Un accordo è stato firmato tra il Garante per la protezione dei dati personali e la Polizia Postale con l’obiettivo di prevenire e contrastare tutte quelle forme di aggressione e trattamento illecito dei dati personali riguardanti i minorenni effettuate per via telematica.
Tra le azioni riparatorie che potranno essere intraprese su istanza dei minori che si ritengano vittime di atti di cyberbullismo, ci sono l’oscuramento, la rimozione o il blocco dei contenuti a loro riferiti e diffusi in rete.
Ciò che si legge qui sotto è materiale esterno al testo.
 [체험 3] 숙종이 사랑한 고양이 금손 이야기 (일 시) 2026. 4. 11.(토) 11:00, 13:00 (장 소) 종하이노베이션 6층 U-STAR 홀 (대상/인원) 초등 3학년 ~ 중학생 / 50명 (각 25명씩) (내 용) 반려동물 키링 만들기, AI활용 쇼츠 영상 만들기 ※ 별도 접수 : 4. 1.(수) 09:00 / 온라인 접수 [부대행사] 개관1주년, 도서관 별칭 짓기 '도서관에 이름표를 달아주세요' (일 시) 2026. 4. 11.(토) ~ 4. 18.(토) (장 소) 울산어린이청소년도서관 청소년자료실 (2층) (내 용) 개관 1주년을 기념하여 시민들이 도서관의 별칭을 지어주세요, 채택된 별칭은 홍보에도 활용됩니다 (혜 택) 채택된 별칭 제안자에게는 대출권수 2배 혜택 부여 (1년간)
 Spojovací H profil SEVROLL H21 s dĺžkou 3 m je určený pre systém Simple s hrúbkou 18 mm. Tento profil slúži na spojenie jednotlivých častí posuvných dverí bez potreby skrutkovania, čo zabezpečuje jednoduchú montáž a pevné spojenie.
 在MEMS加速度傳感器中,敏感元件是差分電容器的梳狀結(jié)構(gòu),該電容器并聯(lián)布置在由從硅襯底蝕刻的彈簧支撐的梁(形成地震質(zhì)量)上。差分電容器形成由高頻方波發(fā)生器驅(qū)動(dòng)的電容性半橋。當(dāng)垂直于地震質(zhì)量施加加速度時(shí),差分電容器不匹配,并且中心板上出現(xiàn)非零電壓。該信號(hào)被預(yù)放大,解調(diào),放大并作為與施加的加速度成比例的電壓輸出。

Il protocollo nasce dalla effettiva constatazione che il cyberbullismo sta diventato anche in Italia una vera e propria epidemia silenziosa: dalle 235 denunce del 2016, si è passati agli oltre 350 casi del 2017.
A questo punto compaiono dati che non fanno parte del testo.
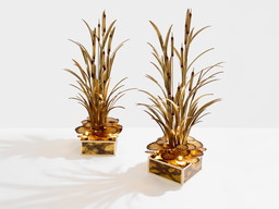 Maison Jansen Paar messing riet waterlelies vloerlampen 1970

Altrettanto numerose sono state le segnalazioni e le richieste di aiuto da parte di ragazzi, genitori, insegnanti ed operatori sociali.
Grazie al Protocollo d’intesa, nei casi in cui sia necessario identificare il titolare del trattamento o il gestore del sito Internet o del social media dove sia stato pubblicato un contenuto (informazioni, foto, video, ecc.) ritenuto atto di cyberbullismo o sia necessario attuare le decisioni assunte, il Garante può richiedere l’intervento della Polizia postale e delle comunicazioni.
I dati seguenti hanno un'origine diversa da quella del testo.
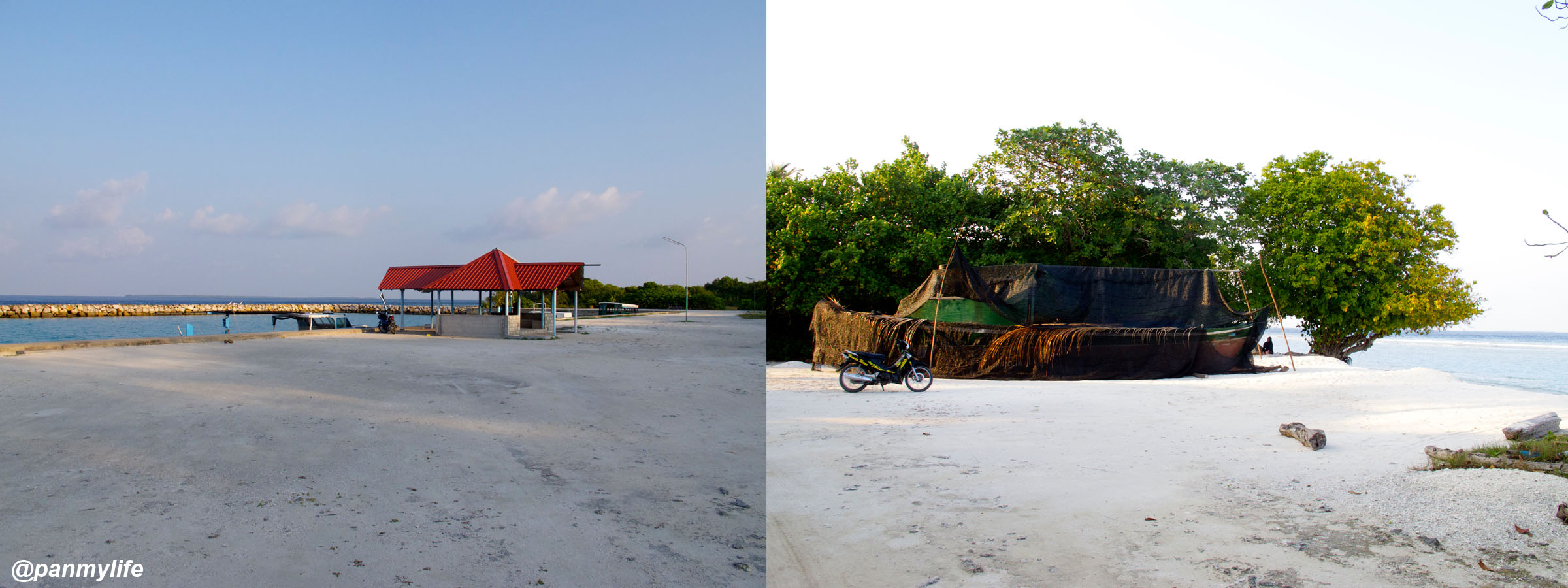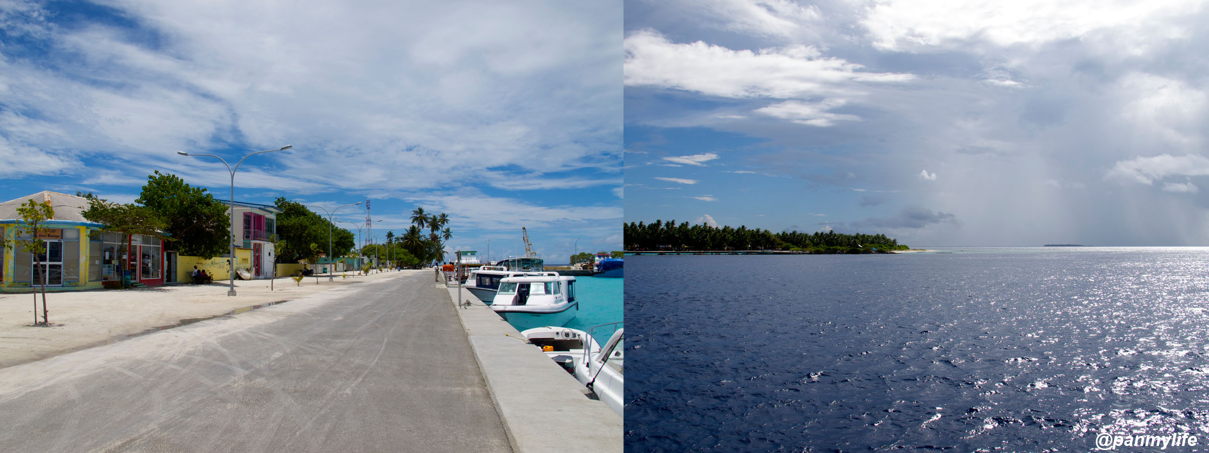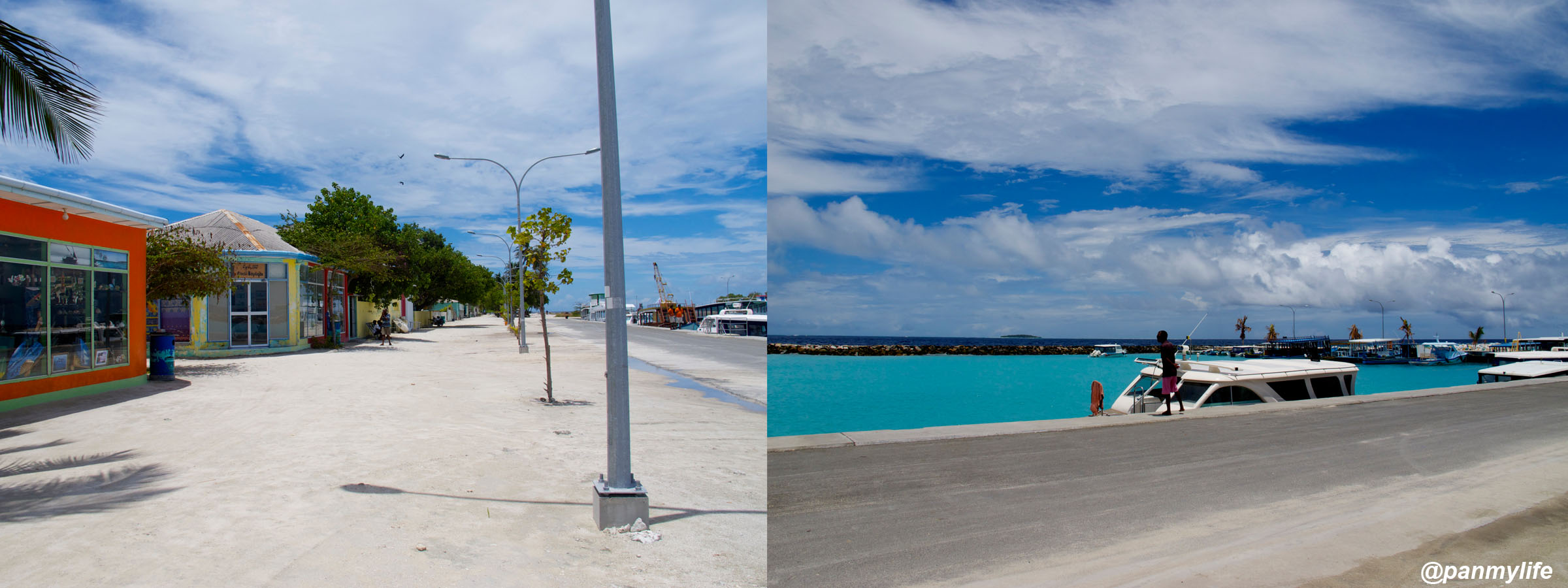 It was a short flight and it wasn’t difficult for the staff to find me. I guess the usual single female asian diver gave me away pretty easily. Dharavandhoo island was a quiet little island and there were hardly anyone on the streets. And it was really quiet. This was the scene along the beach in the village where we were walking to the dock.

Mentre la Polizia Postale si occuperà di reperire dati e informazioni sul titolare del trattamento o sul gestore del sito web o del social media, nonché delle eventuali ulteriori fonti web sulle quali siano stati divulgati i contenuti illeciti, il Garante tutela la loro riservatezza e il corretto utilizzo dei dati personali che li riguardano, decidendo sulle segnalazioni riguardanti episodi di cyberbullismo.